Setelah memastikan semua siap, aku menghampiri Irene yang sedang menunggu di depan pintu Café Hometown. Irene memandangi jalanan Seoul yang sedang ramai.

"Kamu menghalangi para tamu, Irene," kataku sedikit menggodanya.

Irene menghela napas. "Kenapa Wendy belum datang juga, ya? Ini sudah jam lima sore lebih."

Benarkah? Aku sama sekali tidak sadar ini sudah jam lima sore. Aku dan yang lain terlalu sibuk menghias Café Hometown.

"Sudah coba kamu telepon?" tanyaku pada Irene kemudian perempuan itu mengangguk. "Kenapa?"

"Kalau aku meneleponnya hanya karena datang terlambat, kejutannya nggak akan terasa, Mark," jelas Irene dengan kepala yang bersandar pada pintu. "Dan aku juga takut Wendy nggak datang."

Kalian mungkin tidak percaya ini, tapi kali ini Irene menangis. Pasti berat rasanya merasa cemas tanpa harapan yang pasti.

Aku menggunakan jariku untuk mengusap air mata Irene yang membasahi pipinya. Aku tersenyum untuk menenangkan Irene.

"Wendy pasti datang.
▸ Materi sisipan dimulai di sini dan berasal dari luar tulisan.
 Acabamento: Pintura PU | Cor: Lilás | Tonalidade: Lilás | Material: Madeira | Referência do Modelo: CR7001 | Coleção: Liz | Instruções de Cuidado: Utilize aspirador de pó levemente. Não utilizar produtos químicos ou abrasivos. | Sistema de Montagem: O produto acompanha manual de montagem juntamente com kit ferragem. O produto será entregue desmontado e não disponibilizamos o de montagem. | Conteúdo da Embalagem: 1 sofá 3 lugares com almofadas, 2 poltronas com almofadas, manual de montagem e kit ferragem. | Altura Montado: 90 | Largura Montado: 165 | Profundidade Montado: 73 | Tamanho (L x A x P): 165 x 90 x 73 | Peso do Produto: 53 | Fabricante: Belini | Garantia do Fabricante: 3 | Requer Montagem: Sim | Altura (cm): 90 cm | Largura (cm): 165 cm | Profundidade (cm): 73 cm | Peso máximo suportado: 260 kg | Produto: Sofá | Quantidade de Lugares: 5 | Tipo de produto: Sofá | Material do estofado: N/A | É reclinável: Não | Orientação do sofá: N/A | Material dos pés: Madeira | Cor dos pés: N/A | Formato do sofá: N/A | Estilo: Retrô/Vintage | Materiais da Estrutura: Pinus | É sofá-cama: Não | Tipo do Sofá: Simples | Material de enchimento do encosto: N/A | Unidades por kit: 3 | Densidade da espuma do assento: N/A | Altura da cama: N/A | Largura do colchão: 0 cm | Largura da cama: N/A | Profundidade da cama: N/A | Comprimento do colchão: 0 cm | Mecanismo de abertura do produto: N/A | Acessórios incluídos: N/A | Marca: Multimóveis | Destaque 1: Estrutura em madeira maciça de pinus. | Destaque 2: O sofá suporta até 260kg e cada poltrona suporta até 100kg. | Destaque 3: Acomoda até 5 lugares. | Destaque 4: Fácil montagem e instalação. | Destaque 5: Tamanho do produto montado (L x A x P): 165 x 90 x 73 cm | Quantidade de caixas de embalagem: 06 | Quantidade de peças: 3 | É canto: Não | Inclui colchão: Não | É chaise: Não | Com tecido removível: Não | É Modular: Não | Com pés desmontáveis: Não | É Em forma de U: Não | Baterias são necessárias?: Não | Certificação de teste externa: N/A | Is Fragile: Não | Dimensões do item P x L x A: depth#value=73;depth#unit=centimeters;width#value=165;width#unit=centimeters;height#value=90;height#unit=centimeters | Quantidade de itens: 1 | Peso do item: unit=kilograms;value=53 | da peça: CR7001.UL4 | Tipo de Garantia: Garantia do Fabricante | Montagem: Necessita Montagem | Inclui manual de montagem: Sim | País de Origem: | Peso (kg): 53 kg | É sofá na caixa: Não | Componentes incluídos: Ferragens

Aku percaya," kataku meyakinkan. "Dan semua rasa cemasmu akan pergi."

Irene mengangguk. "Kuharap kamu benar. Aku harus percaya pada Wendy."
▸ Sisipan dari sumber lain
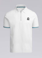 Sandbanks men's badge logo zip polo shirt in white, made from 100% organic cotton. This classic fitting zip polo shirt features an embroidered badge logo on the chest, tri-colour tipped knitted cuff and back neck binding.
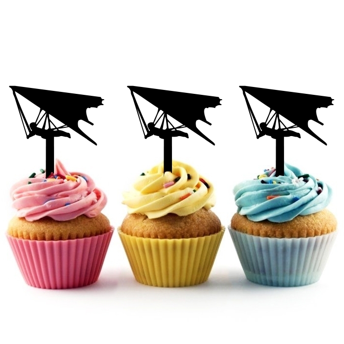 Hang Glider Cupcake 10 Toppers Laser Cut Acrylic for Wedding Birthday Baby Shower Bachelorette Engagement Party Decor
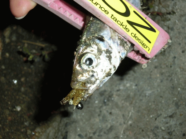 潮の流れが速すぎてボトムが探れずシンカーを1.2gにチェンジ。

Aku yakin, dalam hati, sebenarnya Irene marah pada Wendy. Sahabat macam apa yang menghilang tanpa kabar?

Tapi dengan mudah juga Irene menahan perasaan marahnya pada Wendy. Irene benar-benar sabar dan pengertian dalam menghadapi Wendy.

Kali ini senyum Irene mengembang karena sosok Wendy yang sedang berjalan sudah terlihat. Irene menepuk bahuku antusias.
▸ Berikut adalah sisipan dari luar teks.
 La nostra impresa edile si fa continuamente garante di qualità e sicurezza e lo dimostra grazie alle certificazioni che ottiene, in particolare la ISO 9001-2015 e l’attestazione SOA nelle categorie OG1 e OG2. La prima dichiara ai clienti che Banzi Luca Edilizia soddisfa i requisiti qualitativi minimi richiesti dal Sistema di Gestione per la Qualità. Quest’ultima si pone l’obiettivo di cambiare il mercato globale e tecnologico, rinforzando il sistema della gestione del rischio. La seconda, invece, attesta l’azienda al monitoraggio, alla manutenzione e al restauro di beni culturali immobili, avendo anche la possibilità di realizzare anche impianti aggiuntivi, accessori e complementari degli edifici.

"Wendy sudah datang! Ayo atur semuanya, Mark!" seru Irene sambil melompat kecil. Benar-benar seperti seekor kelinci.

"Baik, Nona Bae," ujarku sambil mengusap rambut Irene setelah itu aku pergi untuk mematikan lampu Café Hometown. Para pelanggan juga sudah bersiap-siap dengan lightstick di tangan mereka.

Pintu terbuka dan saat Wendy melangkah masuk ke dalam Café Hometown, Irene menebar confetti yang diikuti confetti lain dari Jaebum dan Jackson.

Dari pintu hingga panggung yang ada di tengah Café Hometown, sudah ada karpet merah yang membentang. Wendy yang terkejut dituntun oleh Irene sampai ke panggung.

Saat Wendy berjalan, kami semua kompak menyanyikan lagu happy birthday untuknya. Lampu masih belum dinyalakan karena cahaya dari lightstick sudah cukup untuk suasana seperti ini.

Di atas panggung, Wendy masih menatap sekeliling ruangan dengan pandangan tidak percaya. Bambam naik ke panggung untuk menyalakan lilin kue ulang tahun.

"Wendy, ayo ucapkan permohonanmu!" kata Irene ceria kemudian Wendy mengangguk.

Aku sama sekali tidak bisa melepas pandanganku dari Wendy, meski pencahayaan Café Hometown saat ini tidak begitu terang. Mataku secara otomatis bekerja seperti kamera yang sedang merekam sosok Wendy.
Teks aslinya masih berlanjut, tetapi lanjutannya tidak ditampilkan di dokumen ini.